One thread for every battle, one stitch for every death.

He is very strict about this. It wouldn't do to make a mess of things, after all.

It starts after, when the people without black-and-red eyes take him away and tell him he's wrong, that he's bad.

He hears them—how can he not?—and while he hates them, it's an apathetic hate. There isn't any true vehemence in it.

But he does mourn. He mourns their deaths regardless, though he doesn't cry. Whether they were kind—and none of them were, only he was ever kind—or cruel, their loss aches.

He doesn't really understand it, how someone can be there, vibrant and brilliant and colorful and then be gone.

So he covers his legs in stitch after stitch, because his death wasn't just a normal death. The hole was too big, too wide, too painful.

And he swears, he's going to kill all of them. Every last motherfucker who dares breathe in his blood, who dares defile his memory.

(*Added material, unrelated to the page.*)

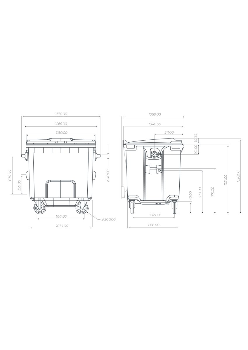 Kontejner s horním výsypem o objemu 1100 litrů je opatřen plochým víkem.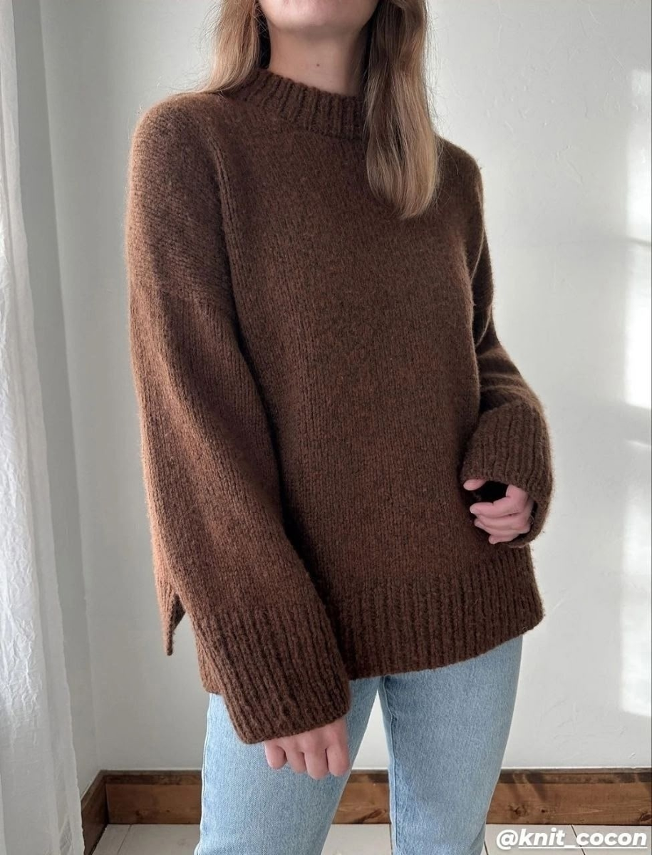 Свитер связан лицевой гладью. Но... посмотрите какие интересные клинья по бокам.

The battle hasn't ended yet. So he enters their database, and finds the estimated number of ghouls thought to live.

Not in Tokyo.

The world.

A stitch for all of them, because he's going to take their head.

And the battle hasn't ended yet, so stitch after stitch after stitch, until his spool runs out, and he plucks another from his bedside and ties the ends together. One thread for every battle, a stitch for every death.

There isn't a stitch big enough for his.

XXXXXXXXXXXXXXXXXXXXXXXXXXX

I kinda sorta hate Tokyo Ghoul, after watching season two and the end of season one, but…yeah, this gave me hardcore feels. Like, HOLY FUCK feels. I cried.

So, prompt #9 for my 100 theme challenge goes to Tokyo Ghoul.